[Dataset entries]

+ + + +

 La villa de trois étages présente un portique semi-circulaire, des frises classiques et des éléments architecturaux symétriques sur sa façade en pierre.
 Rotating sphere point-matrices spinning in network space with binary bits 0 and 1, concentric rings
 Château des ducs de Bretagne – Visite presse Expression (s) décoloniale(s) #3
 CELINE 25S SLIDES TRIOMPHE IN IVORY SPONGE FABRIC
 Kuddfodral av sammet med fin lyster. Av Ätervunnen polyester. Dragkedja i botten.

+ + + +

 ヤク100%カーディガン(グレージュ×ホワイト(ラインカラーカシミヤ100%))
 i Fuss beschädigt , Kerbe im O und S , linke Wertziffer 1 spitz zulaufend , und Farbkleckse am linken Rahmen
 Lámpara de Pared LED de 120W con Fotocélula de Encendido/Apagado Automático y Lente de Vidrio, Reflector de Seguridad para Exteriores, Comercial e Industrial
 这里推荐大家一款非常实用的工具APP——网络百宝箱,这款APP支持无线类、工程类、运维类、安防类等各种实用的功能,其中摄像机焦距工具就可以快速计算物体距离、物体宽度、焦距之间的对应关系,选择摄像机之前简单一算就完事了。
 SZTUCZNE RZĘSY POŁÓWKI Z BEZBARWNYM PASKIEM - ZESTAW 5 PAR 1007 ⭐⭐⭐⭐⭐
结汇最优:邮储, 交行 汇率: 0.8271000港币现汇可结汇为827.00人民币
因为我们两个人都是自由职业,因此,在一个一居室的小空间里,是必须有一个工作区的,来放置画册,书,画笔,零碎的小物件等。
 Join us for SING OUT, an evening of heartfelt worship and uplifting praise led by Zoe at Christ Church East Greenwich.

+ + + +

## TASK
Give back the records above exactly, limited to the lines between the one holding "结汇最优:邮储, 交行 汇率: 0.8271000港币现汇可结汇为827.00人民币" and the one holding "Join us for", inclusive.

## EXPECTED OUTPUT
结汇最优:邮储, 交行 汇率: 0.8271000港币现汇可结汇为827.00人民币
因为我们两个人都是自由职业,因此,在一个一居室的小空间里,是必须有一个工作区的,来放置画册,书,画笔,零碎的小物件等。
 Join us for SING OUT, an evening of heartfelt worship and uplifting praise led by Zoe at Christ Church East Greenwich.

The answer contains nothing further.